Zarina is a Senior Front-end Developer at the Center for Teaching and Learning (CTL) at Columbia Univsersity. She works closely with learning designers and faculty to create multi-platform interfaces with attention to information architecture, user experience, accessibility, and programmatic rigor. Zarina received her M.S. in Engineering from Columbia University's School of Engineering and Applied Science. Zarina devotes quite a bit of time daily photographing the street scenes around New York.
Rohith is an MS Student studying Computer Science. He is interested in the intersection of machine learning and healthcare. His current work includes incorporating privileged information in current machine learning methods as a way to utilize data that was previously unusable. Outside of academia, Rohith enjoys dance, Marvel movies, and curating Spotify playlists.

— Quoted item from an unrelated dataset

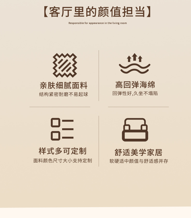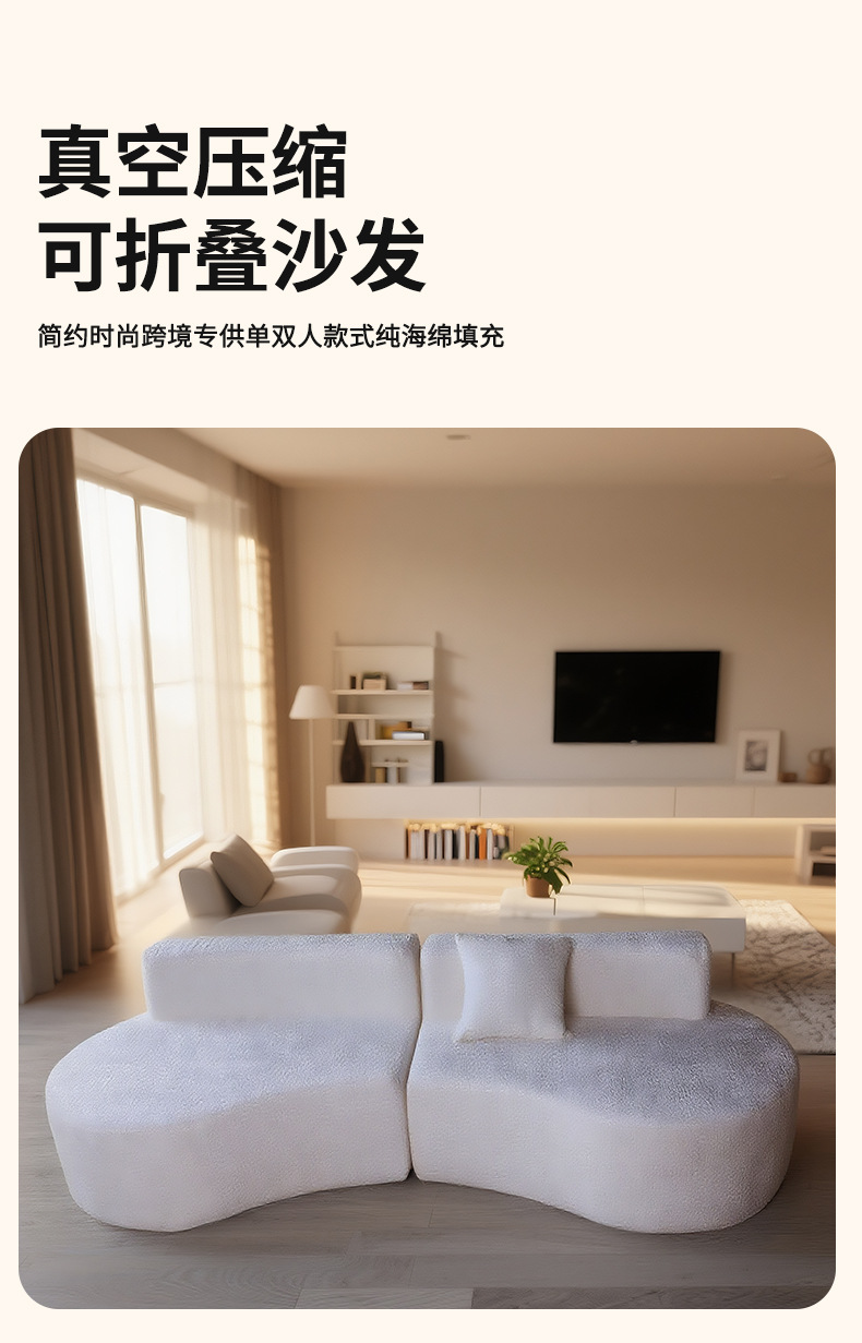 针对跨境运输需求,沙发采用真空卷包压缩工艺,压缩后体积大幅缩减,不仅降低物流成本,还方便搬运入户,哪怕是狭窄楼道或小户型也能轻松通过。拆封后解除真空包装,静置数小时即可恢复蓬松形态,无需专业安装,省时又省心。无论是打造奶油风客厅的核心家具,还是为居家空间增添舒适休闲区,这款沙发都能兼顾颜值、舒适与实用性。

Andrea is a Computer Science PhD student at Columbia University. She is passionate about explainability and fairness in AI/ML, specifically applied to healthcare and the biological sciences. The hope with this research is to demystify traditional black-box models so that we can better understand what are the factors driving a model's prediction and to be better able to explain these results to clinicians. In her spare time, Andrea enjoys watching movies, playing games, cycling, soccer, and spending time outdoors in nature.
Adam is a PhD student at Columbia University. He is interested in machine learning usages in healthcare. Specifically, he is interested in how machine learning methods can make better decisions by utilizing information that is expensive to collect or is not available during prediction time. In his free time, Adam enjoys drinking coffee and reading novels.

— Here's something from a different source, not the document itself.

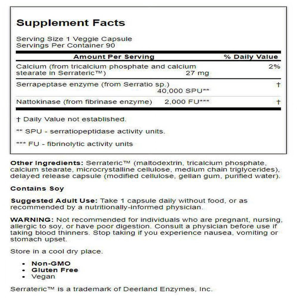 Natto-Serra is a combination of two natural enzymes that have been used as dietary supplements for decades. Serrapeptase (serratiopeptidase) is a protein-digesting enzyme isolated from the friendly bacterium Serratia E-15 discovered in the Japanese silkworm. Nattokinase also digests protein and is derived from "natto", a fermented soy food popular in Japan for centuries. This nattokinase is free of vitamin K . The serrapeptase is formulated with SerratericTM, a superior alternative to enteric coating that protects the enzyme until it reaches the intestines for optimal absorption.

Xena is a May 2023 graduate from Columbia University with a BA in Computer Science. Her current work includes front-end development as well as content curation for Aiphabet curriculum development. In her free time, Xena enjoys readings books, playing the piano, and making coffee art.
Kaan is a senior at Columbia University studying Computer Science and History. His current work in Aiphabet is around front-end development. In his spare time, he enjoys cooking, writing and reading.